F.3 Projections pour l’évolution future de la température

Résultats fournis par les modèles de la circulation générale couplés atmosphère-océan (MCGAO)


Figure TS 20 — Variation annuelle moyenne de la température (zone colorée) et sa plage (isolignes) (Unité: °C) pour le scénario A2 du SRES (partie supérieure) et le scénario B2 du SRES (partie inférieure). Les deux scéanarios du SRES indiquent la période 2071 à 2100 par rapport à la période 1961 à 1990 et ont été appliqués aux MCGAO. [Basée sur les Figures 9.10d et 9.10e]
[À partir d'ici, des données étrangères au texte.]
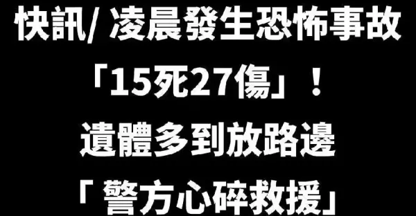 快訊/ 凌晨發生恐怖事故「15死27傷」!遺體多到放路邊「 警方心碎救援」!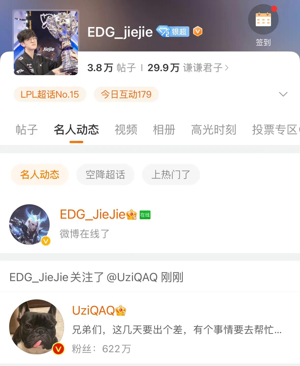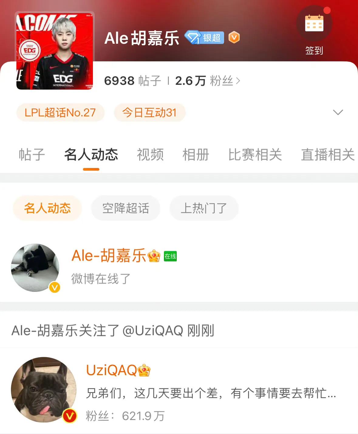 继EDG老板爱德朱关注UZI后,EDG俱乐部也关注了UZI,Ale、Jiejie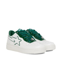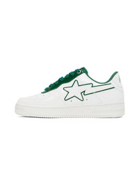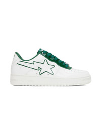 Low-top paneled patent leather sneakers in white and green. · Perforated detailing at round toe and sides · Logo graphic plaque at lace-up closure · Logo patch at padded tongue · Padded collar · Logo appliqué at sides · Logo embossed at outer side, heel tab, and midsole · Textured rubber midsole · Treaded rubber outsole Supplier color: Green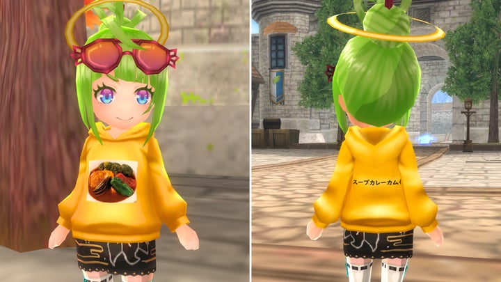 ゲーム内では、コラボパネルに話しかけると「スープカレーカムイコラボパーカー(白)」がもらえます。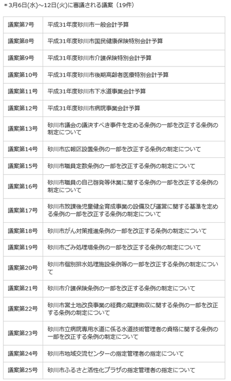 本日の議会は一般質問のあと、提案されている各議案が説明されました。その一覧が以下の写真です。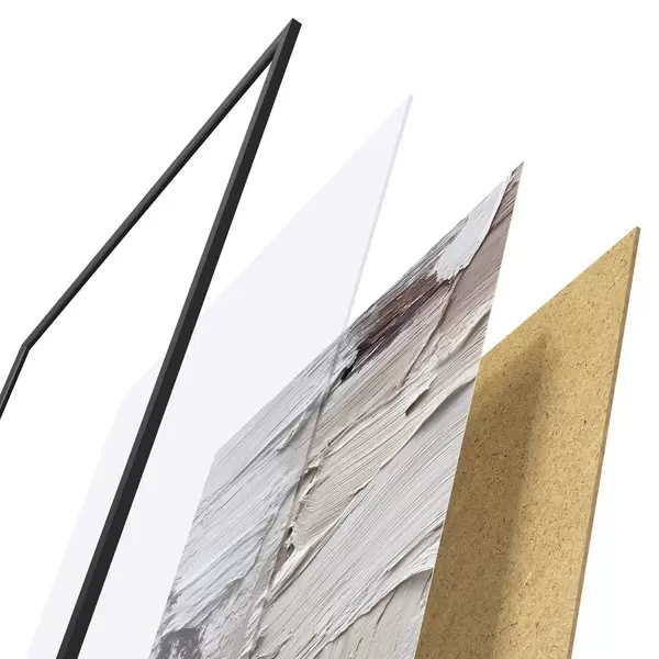 Plakatą sudaro rėmas, pleksiklas, atspausdintas vaizdas ir medžio drožlių plokštės pagrindas. Plakatą galima iš karto pakabinti ant sienos dėl kitoje pusėje esančių laikiklių.
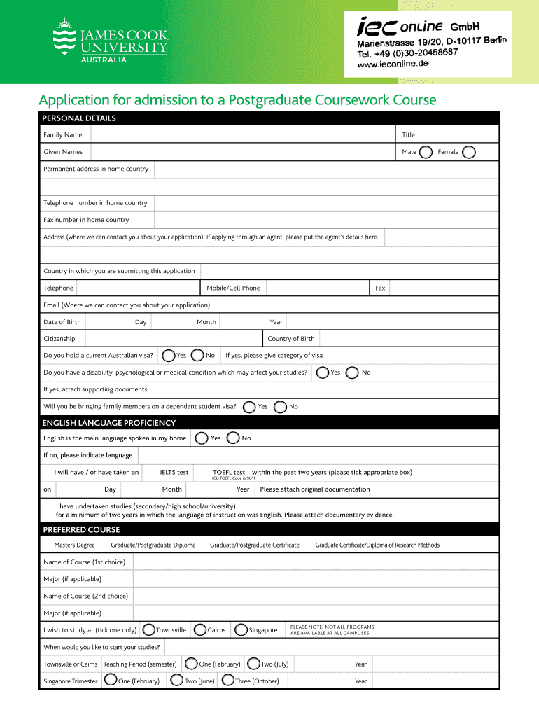 The Postgraduate Coursework Application Form is a college application document used by individuals to apply for postgraduate coursework programs at James Cook University (JCU).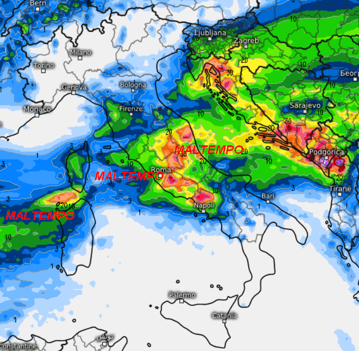 Il MALTEMPO di sabato 25 e domenica 26: le aree colpite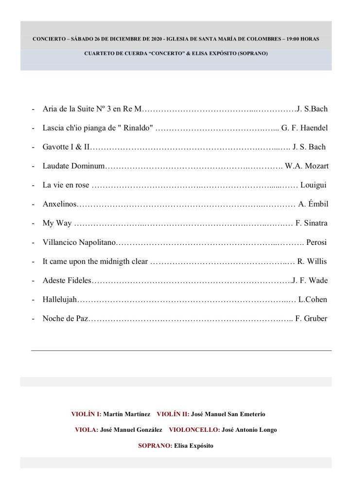 El sábado 26 de diciembre a las 19,00 h. la Iglesia de Santa María de Colombres acoge un Concierto de Navidad a cargo del Cuarteto de Cuerda «Concerto» acompañado de la soprano Elisabeth Expósito con entrada libre hasta llenar el aforo de la sala, que será limitado por los protocolos COVID.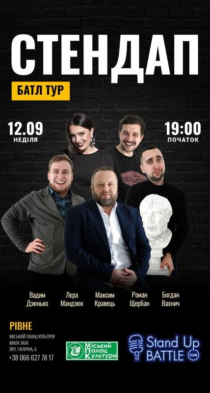 Stand Up Battle Club їде в тур! Що може бути краще, ніж дивитись виступи улюблених коміків та гучно сміятись з їх жартів? Наш ютуб і тік-ток канали стрімко розвиваються та популярність наших коміків поступово, але впевнено зростає. Найбільший україномовний ютуб канал зі стендапом частково ознайомив Вас з творчістю наших коміків, тепер ці та нові жарти ти можеш почути наживо у своєму місті. Пятеро чудових людей завітають у сім прекрасних міст нашої країни, де поділяться з вами своїми монологами.
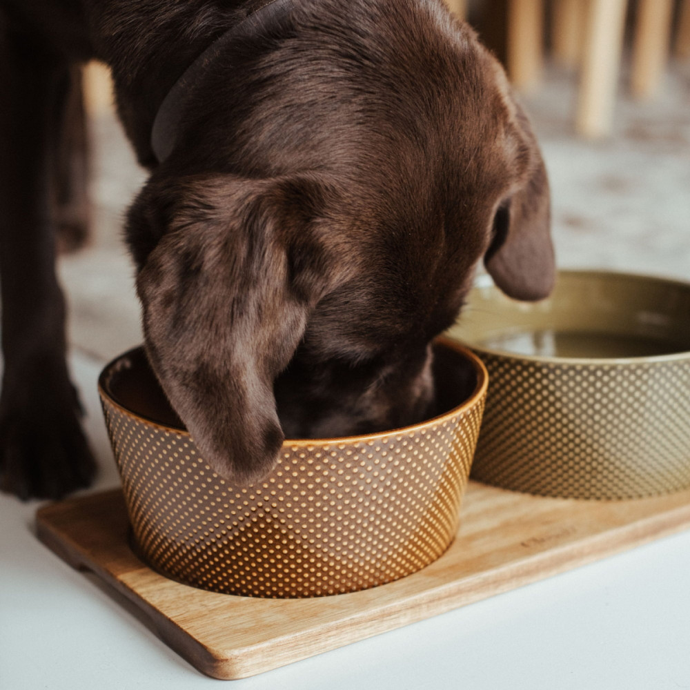Миска изготовлена из пищевой керамики, что гарантирует безопасность для здоровья собаки и не впитывает запахи. Рельефная текстурная поверхность и естественный коричневый оттенок делают ее изысканным элементом любого интерьера, который подойдет к аксессуарам для собак премиум-класса.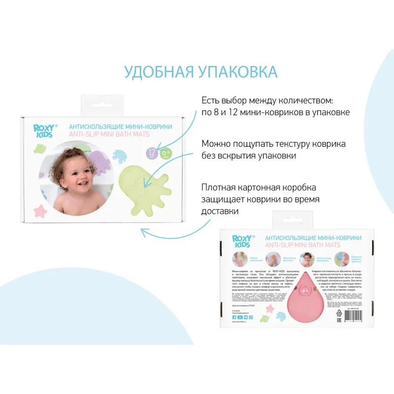 Covorașele de baie mini SEA ANIMALS de la ROXY-KIDS sunt fabricate în Rusia din material TPR modern și sigur.
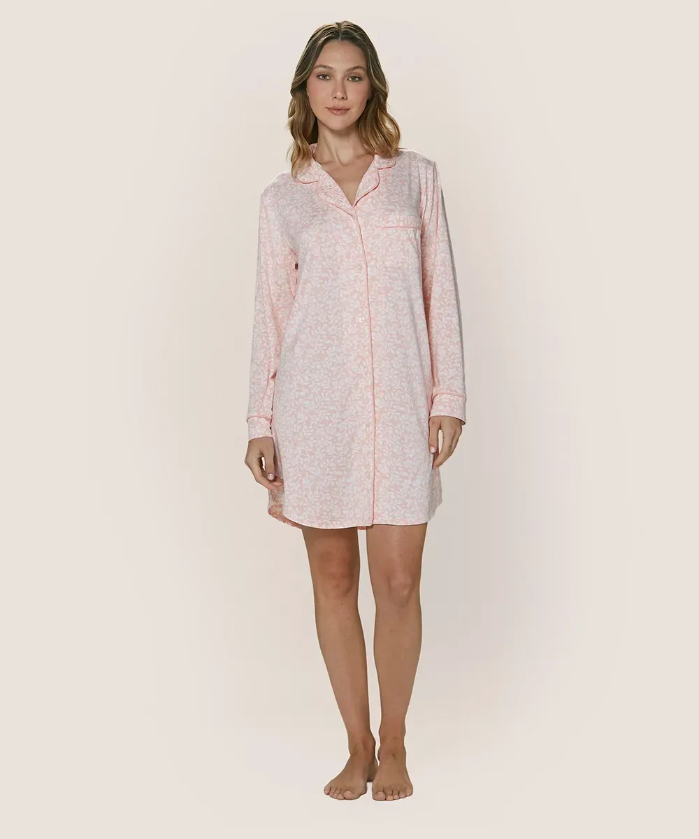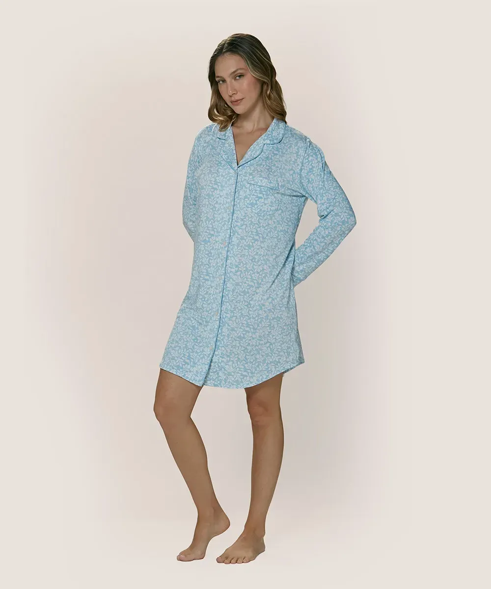 Camisa de dormir corta con botones frontales y estampado de flores. Su diseño moderno y femenino, junto a su tela liviana, la hacen ideal para dormir con estilo o estar cómoda en casa.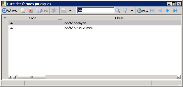 Cette fenêtre affiche la liste des formes juridiques des sociétés. Elle permet de les créer, de les consulter, de les modifier et de les supprimer si nécessaire.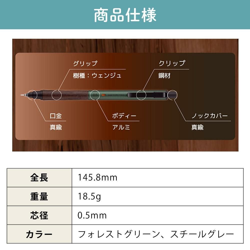 他の画像を見る 木×アルミ2つのマテリアルの融合 三菱鉛筆 クルトガ ウッド シャープペン 0.5mm フォレストグリーン スチールグレー 販売価格 ¥ 2,980 税込 カートに入れる お気に入りに登録する (0件)
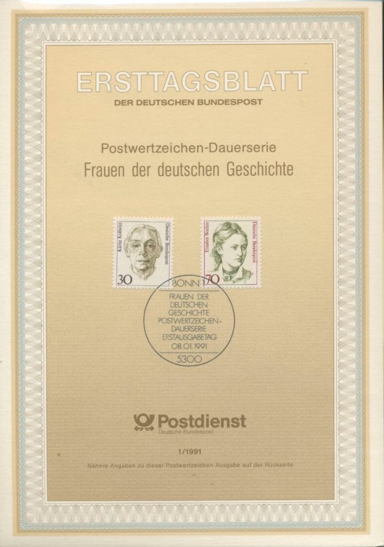 Bund Jahrgang 1991 Ersttagsblätter komplett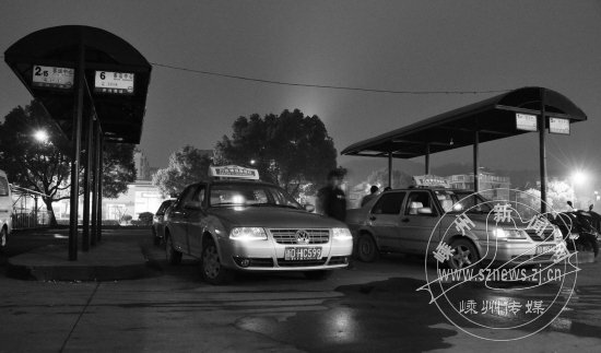晚上,市客运中心公交车停靠站里,最后一班公交车停开后,出租车整齐有序排好队,开始“上岗”等待来客。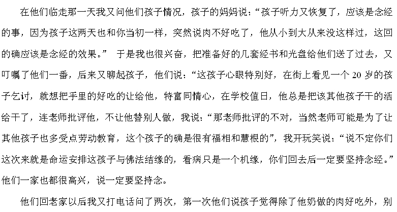 受到这样的“鼓励”,我就又在表弟、堂兄的妻子生小孩的时候,如法念经,都有殊胜的感觉。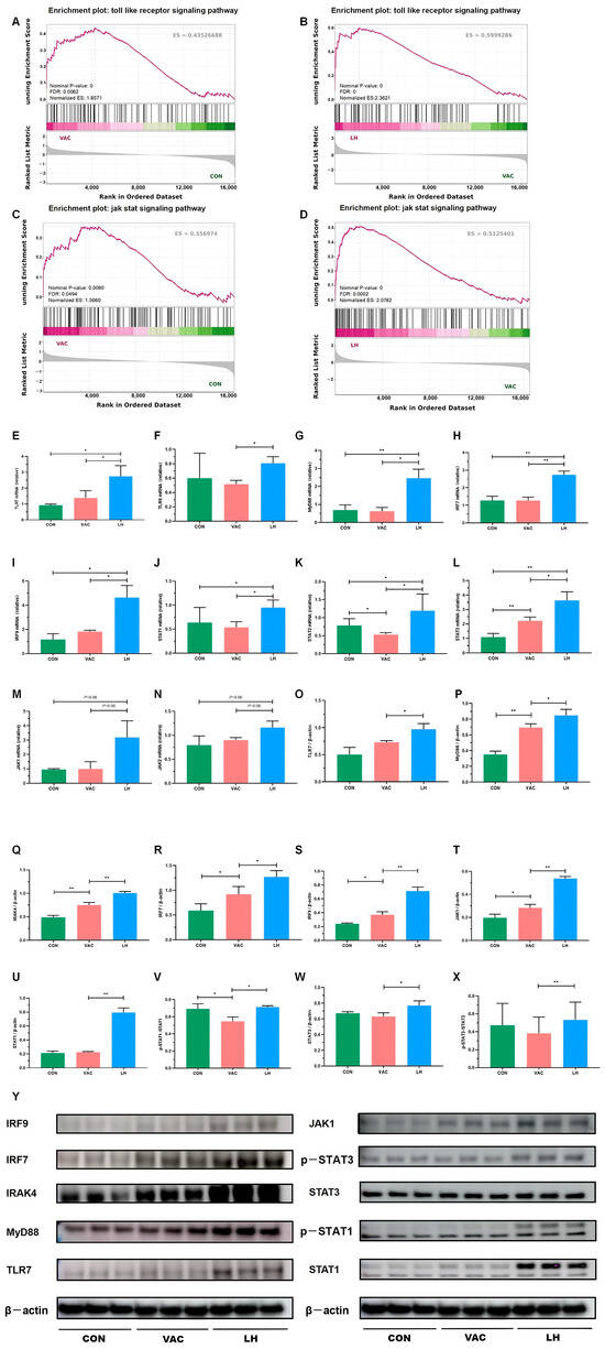 Validation of key DEGs and DEPs in the Toll-JAK-STAT signaling pathway. (A–D) GSEA analysis of the Toll-like receptor and JAK-STAT signaling pathways in the VAC vs. CON and LH vs. VAC groups. (E–N) RT-qPCR analysis showing mRNA expression levels of TLR7, TLR8, MyD88, IRF7, IRF9, STAT1, STAT2, STAT3, JAK1, and JAK2 (n = 3). (O–X) Western blot analysis of protein expression for TLR7, MyD88, IRAK4, IRF7, IRF9, JAK1, pSTAT1, STAT1, pSTAT3, and STAT3 in the CON, VAC, and LH groups (n = 3). (Y) WB analysis of TLR7, MyD88, IRAK4, IRF7, IRF9, JAK1, pSTAT1, STAT1, pSTAT3, and STAT3 expression across all groups. * p < 0.05, ** p < 0.01.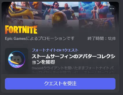 こちらのアバターデコレーションは、Discordを開いた状態でフォートナイトを15分間プレイすることで貰えます。Discordのクエストは2025年12月8日まで利用可能です。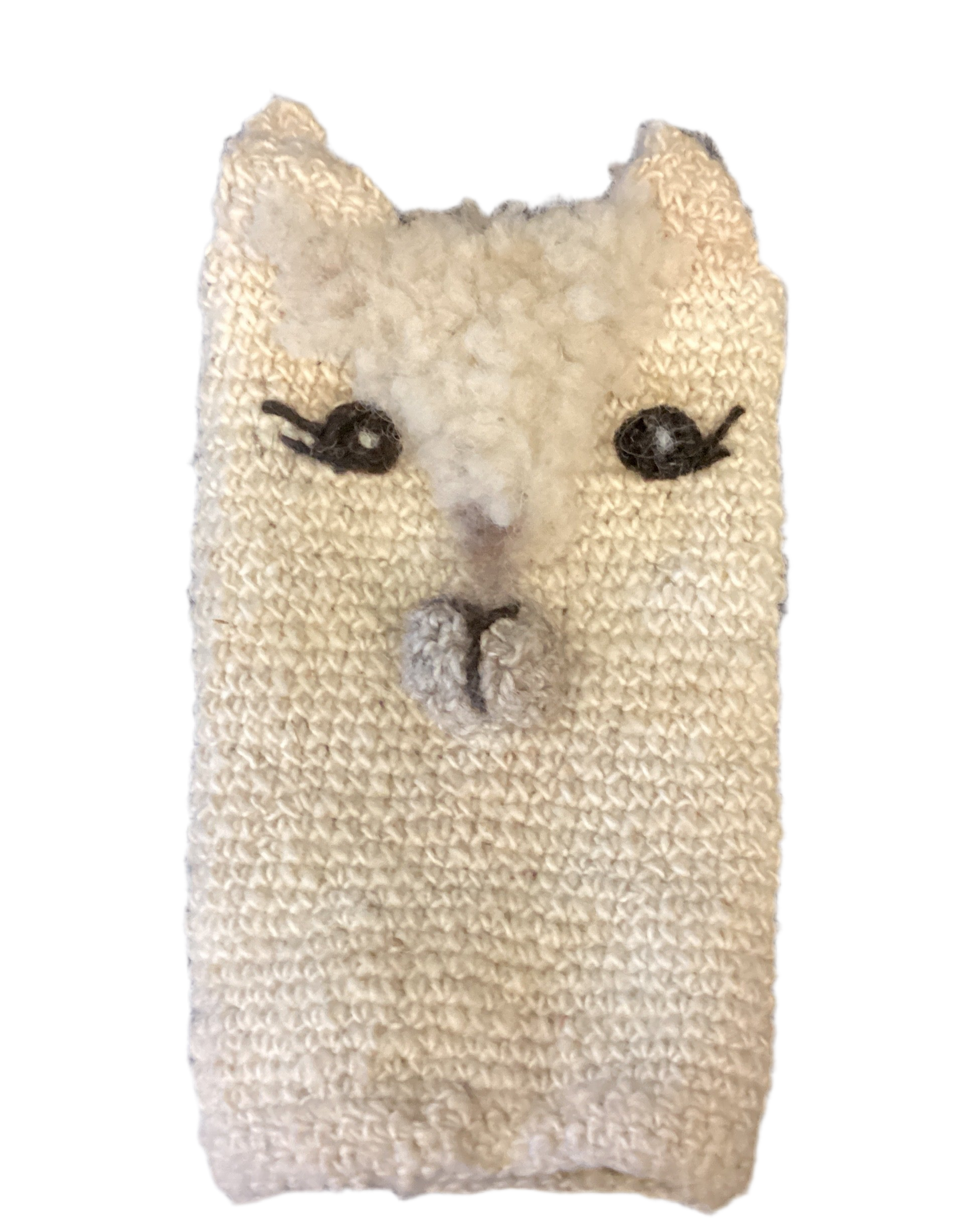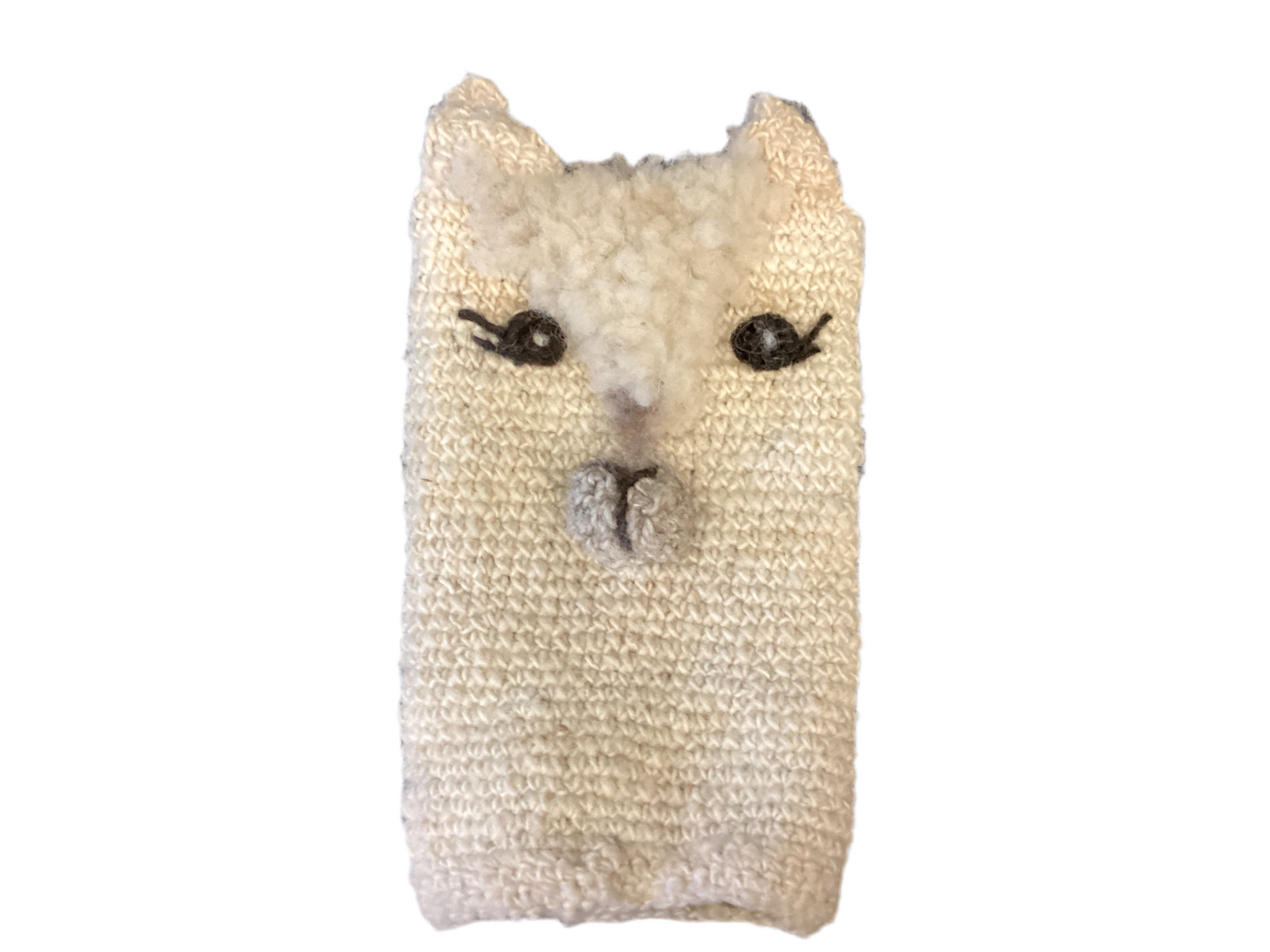 Wine bottle llama koozie crafted with handspun wool in Bolivia.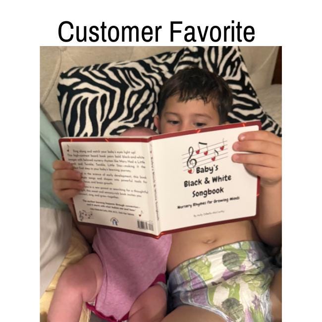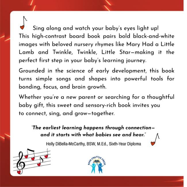 This engaging black and white board book pairs high-contrast images with the words to beloved nursery rhymes like Mary Had a Little Lamb and Twinkle, Twinkle, Little Star. It’s designed to help new parents sing, bond, and boost early brain development—all through joyful moments of reading and music.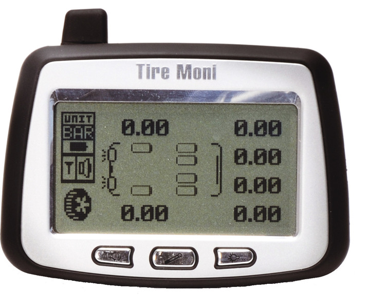Kontrolliert permanent den Reifendruck. Schützt wirkungsvoll vor Unfällen. Spart teuren Kraftstoff. Erhöht die Reifen-Laufleistung. Zu niedriger Luftdruck ist die Nummer 1, die zu Ausfällen, Pannen und schweren Unfällen führt. Mit TireMoni Überwachungssystem kontrollieren Sie permanent den Zustand Ihrer Reifen. Unfälle werden so wirkungsvoll vermieden. Zusätzlich sparen Sie mit dem optimalen Reifendruck kostbaren Sprit. 6 Sensoren, Messbereich 0 – 11 Bar. Genauigkeit 0,14 Bar. Lieferumfang: 1x TireMoni Anzeigegerät inkl. Batterien AAA, 6 Checkair Reifendruck Sensoren inkl. Batterien CR1632, 12 Volt Anschlusskabel, Befestigungsrahmen, Bedienungsanleitung.
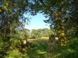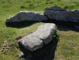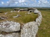 A kerbed cairn in North Cornwall. 13.0m diameter, almost totally enclosed by massive granite slabs - maximum size 3.3m long x 1.6m high - set lengthways and inclined to the centre. The centre core, 1.2m high, has been extensively disturbed.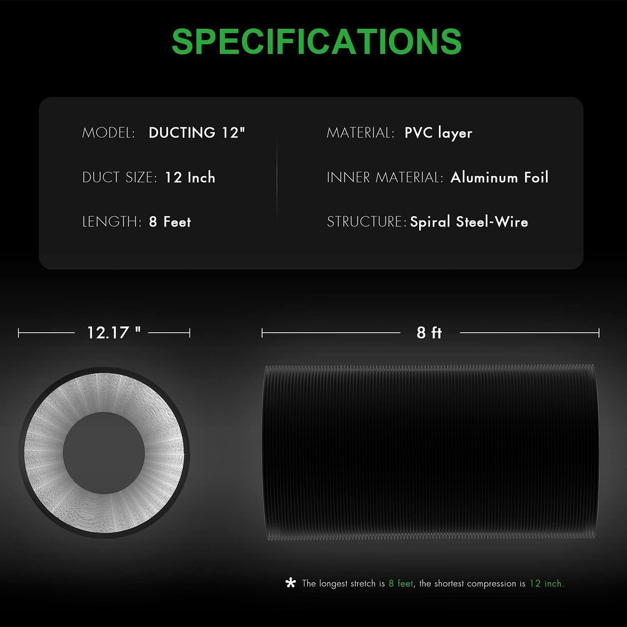 - Material Premium: Folha De Alumínio De Alta Qualidade, Resistente A Altas Temperaturas E Resistente À Corrosão, De Longa Duração. A Camada Espessa De Pvc Neste Duto Pode Evitar Vazamentos De Luz. Inclui Um Par De Grampos De Duto De Aço Inoxidável De 30,5 Cm.

Figure TS 21 — Analyse de la concordance du réchauffement régional relatif entre les différents modèles (réchauffement par rapport au réchauffement moyen mondial de chaque modèle). Les régions sont classées comme affichant soit un accord sur un réchauffement de plus de 40 % au-dessus de la moyenne mondiale ("Nettement supérieur au réchauffement moyen"), soit un accord sur un réchauffement supérieur à la moyenne mondiale ("Supérieur au réchauffement moyen"), soit un accord sur un réchauffement inférieur à la moyenne mondiale ("Inférieur au réchauffement moyen"), soit un désaccord entre les modèles sur l’ampleur du réchauffement régional relatif ("Désaccord sur l’ampleur du réchauffement"). Il y a aussi une catégorie pour un accord sur le refroidissement (qui ne se produit jamais). Il faut un résultat concordant entre au moins sept des neuf modèles pour qu’il y ait accord. Le réchauffement mondial annuel moyen des modèles utilisés varie de 1,2 à 4,5 °C pour le scénario A2 et de 0,9 à 3,4 °C pour le scénario B2, de sorte qu’une amplification régionale de 40 % représente des gammes de réchauffement de 1,7 à 6,3 °C pour le scénario A2 et de 1,3 à 4,7 °C pour le scénario B2. [Basée sur le Chapitre 10, Encadré 1, Figure 1].
Figure TS 22 — Résultats d’un modèle simple : a) projections de la température moyenne mondiale pour les six scénarios illustratifs du SRES, établies à l’aide d’un modèle de climat simple accordé à un certain nombre de modèles complexes avec un ensemble de valeurs de sensibilité du climat. Egalement à titre de comparaison, on présente les résultats obtenus pour le scénario IS92a en appliquant la même méthode. La zone sombre représente l’enveloppe englobant l’ensemble complet des trentecinq scénarios du SRES utilisant la moyenne des résultats du modèle (la sensibilité moyenne du climat est de 2,8 °C). La zone à coloration plus claire représente l’enveloppe fondée sur les sept projections du modèle (avec une sensibilité du climat comprise entre 1,7 et 4,2 °C). Les barres indiquent, pour chacun de six scénarios illustratifs du SRES l’ensemble des résultats obtenus à l’aide du modèle simple pour 2100 selon les sept modèles MCGAO. b) Même que a) mais des résultats obtenus à partir de l’estimation historique du forçage anthropique sont également utilisés. [Basée sur les Figures 9.14 et 9.13b]
La sensibilité du climat devrait être de l’ordre de 1,5 à 4,5 °C. Cette valeur estimée reste inchangée depuis le premier Rapport d’évaluation du GIEC (1990) et le deuxième Rapport d’évaluation. La sensibilité du climat désigne la réaction, à l’équilibre, de la température à la surface du globe à un doublement de la concentration d’équivalent CO2. La fourchette des températures estimées est due aux incertitudes des modèles climatiques et à leurs rétroactions internes, notamment celles qui sont liées aux nuages et autres phénomènes apparentés. La réponse climatique transitoire (RCT) est utilisée pour la première fois dans le présent rapport du GIEC. La RCT se définit comme moyenne mondiale de la variation de la température de l’air en surface au moment du doublement de la teneur en CO2, dans le cas d’une expérience d’accroissement de 1 pour cent par an du CO2. On présume que ce taux d’accroissement du CO2 représente le forçage radiatif dû à tous les gaz à effet de serre. La RCT combine des éléments liés à la sensibilité des modèles et des facteurs qui influent sur la réaction (par exemple l’absorption de chaleur par les océans). Pour les MCGAO actuels, la RCT se situe entre 1,1 et 3,1 °C.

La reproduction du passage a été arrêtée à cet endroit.